The three Series 2 episodes that remain missing are "The Loneliness of the Long Distance Walker", "A Stripe for Frazer" and "Under Fire". The only currently remaining hope for recovery is either that the lost episodes were recorded off-air during their original UK broadcasts using an early videotape recorder such as a Shibaden or Sony CV-2000 machine, or 16 mm tele-recordings being saved from being junked. However these three episodes were among the 67 adapted for BBC Radio in the 1970s, and recordings of the radio episodes still exist.

Christmas sketches

Two of the four Christmas sketches which aired as part of Christmas Night with the Stars from 1968 "Santa On Patrol" and 1970 "Cornish Floral Dance" remain missing, though audio recordings of both have been recovered.

Colour episodes

The colour episodes in series 3–9 have been remarkably fortunate compared with many of their contemporaries. Missing episodes were returned from overseas broadcasters, mainly from those in Europe, New Zealand and Australia, with the result that all full-length episodes now exist in the original colour format.

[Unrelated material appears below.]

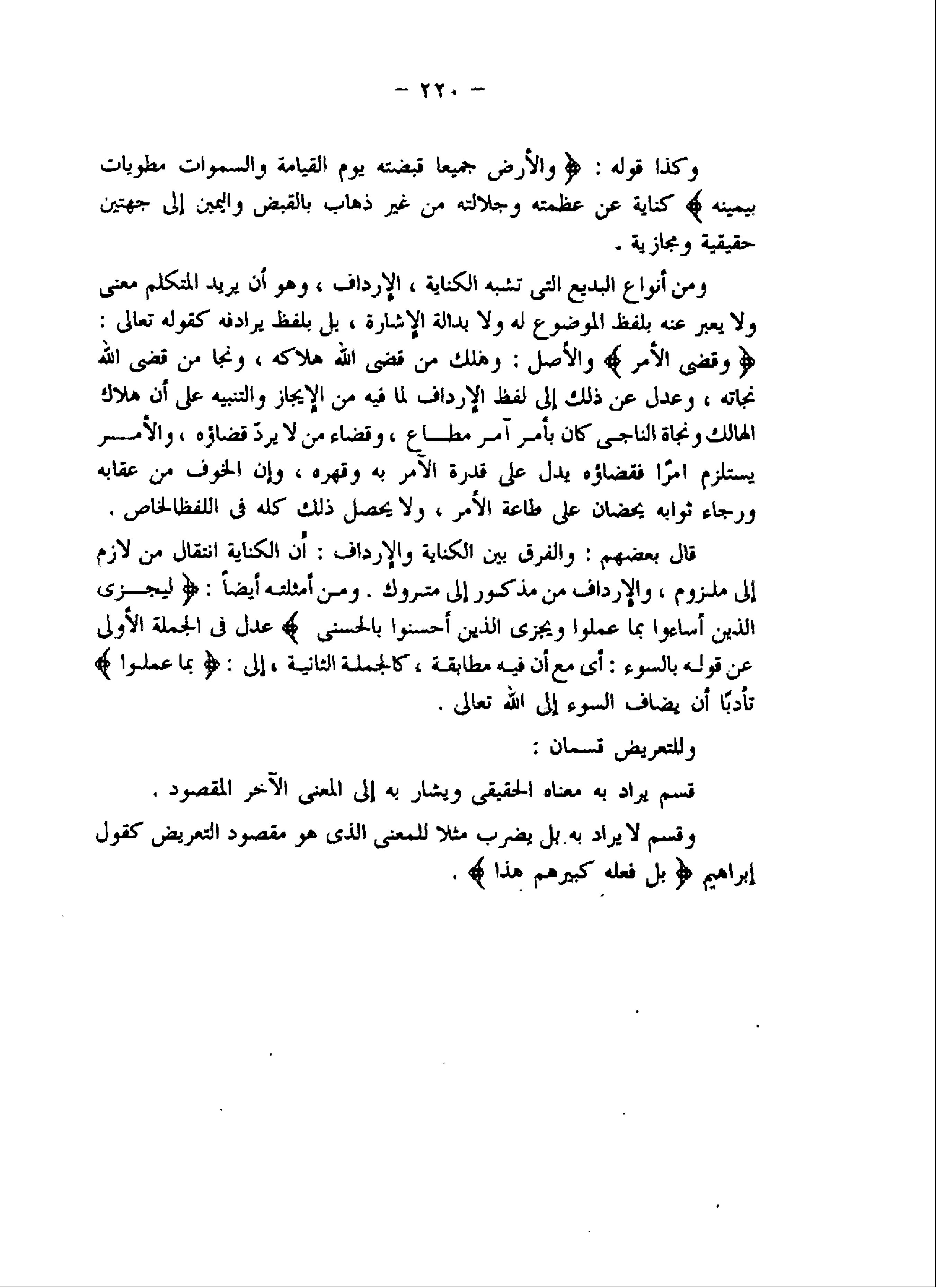 ومن أنواع البديع التي تشبه الكناية، الإرداف، وهو أن يريد المتكلم معنى ولا يعبر عنه بلفظ الموضوع له ولا بدالة الإشارة، بل بلفظ يرادفه كقوله تعالى:

Restoration and Recreation

Colour restoration

By the 1990s, "Room at the Bottom", the sixth episode of Series 3, was the only episode produced in colour that did not have a colour copy in the archive; instead, it survived only as a 16 mm black-and-white film recording. Because of the way in which the original black and white telerecordings were made, colour information was sometimes inadvertently preserved in them even though it could not be displayed. In 2008, a computer technique of colour recovery was developed to recover the colour information from telerecordings, known as chroma dots, to recreate a usable colour signal. "Room at the Bottom" was used as the pilot project to test this process of colour recovery, with the success of the episode's restoration leading to it being used on other 16mm telerecordings. "Room at the Bottom" was broadcast in colour for the first time in almost forty years on 13 December 2008.

Recreations

Animated episode

In 2008, the soundtrack of "A Stripe for Frazer" was rediscovered in the hands of a private collector. This recording was then digitally remastered for a 2015 BBC Audio CD release. In January 2016, it was announced that the BBC were creating an animated version of the episode, to be combined with the newly discovered copy of the audio, which was released via the BBC Store online service.
Pre-production for "A Stripe for Frazer" began in October 2015 and a little under 12 weeks later the finished animated episode was released on BBC Store 4 February 2016. The animation was produced and directed for BBC Worldwide by Charles Norton and a team that included comic book artist, Martin Geraghty.

Remake

In 2018, UKTV announced plans to recreate the three missing episodes for broadcast on its Gold channel under the title Dad's Army: The Lost Episodes. Mercury Productions, the company responsible for Saluting Dad's Army, Gold's 50th anniversary tribute series, produced the episodes, directed by Ben Kellett. The recreations were broadcast in 2019, coinciding with the 50th anniversary of their original broadcast on the BBC. Kevin McNally and Robert Bathurst were the initial casting announcements as Captain Mainwaring and Sergeant Wilson, with Bernard Cribbins portraying Private Godfrey. The full cast was announced in January 2019, with McNally, Bathurst and Cribbins joined by Kevin Eldon, Mathew Horne, David Hayman and Tom Rosenthal. However, Bernard Cribbins subsequently withdrew from the project, and was replaced as Godfrey by Timothy West. The recreated episodes were shown in August 2019 and released on Blu Ray on 25 November 2019 by the British Network imprint.